Map one or more radars to a Cartesian grid.
Generate a Cartesian grid of points for the requested fields from the
collected points from one or more radars. The field value for a grid
point is found by interpolating from the collected points within a given
radius of influence and weighting these nearby points according to their
distance from the grid points. Collected points are filtered
according to a number of criteria so that undesired points are not
included in the interpolation.
Parameters
----------
radars : Radar or tuple of Radar objects.
Radar objects which will be mapped to the Cartesian grid.

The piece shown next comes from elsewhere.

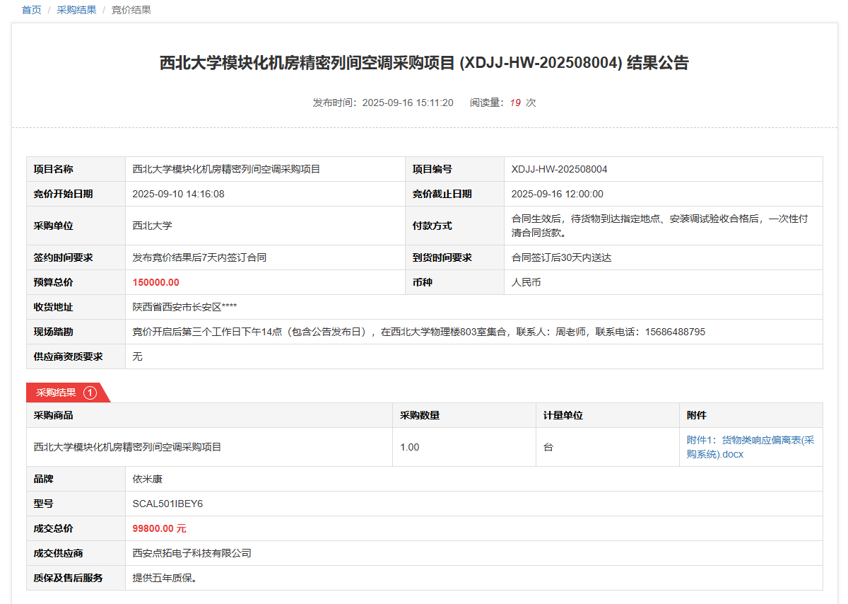 云博app官方在线入口模块化机房精密列间空调采购项目(XDJJ-HW-202508004)竞价结果公告

grid_shape : 3-tuple of floats
Number of points in the grid (z, y, x).
grid_limits : 3-tuple of 2-tuples
Minimum and maximum grid location (inclusive) in meters for the
z, y, x coordinates.
grid_origin : (float, float) or None
Latitude and longitude of grid origin. None sets the origin
to the location of the first radar.
grid_origin_alt: float or None
Altitude of grid origin, in meters. None sets the origin
to the location of the first radar.
grid_projection : dict
Projection parameters defining the map projection used to transform the
locations of the radar gates in geographic coordinate to Cartesian
coodinates. None will use the default dictionary which uses a native
azimutal equidistance projection. See :py:func:`pyart.core.Grid` for
additional details on this parameter. The geographic coordinates of
the radar gates are calculated using the projection defined for each
radar. No transformation is used if a grid_origin and grid_origin_alt
are None and a single radar is specified.
fields : list or None
List of fields within the radar objects which will be mapped to
the cartesian grid. None, the default, will map the fields which are
present in all the radar objects.
gatefilters : GateFilter, tuple of GateFilter objects, optional
Specify what gates from each radar will be included in the
interpolation onto the grid. Only gates specified in each gatefilters
will be included in the mapping to the grid. A single GateFilter can
be used if a single Radar is being mapped. A value of False for a
specific element or the entire parameter will apply no filtering of
gates for a specific radar or all radars (the default).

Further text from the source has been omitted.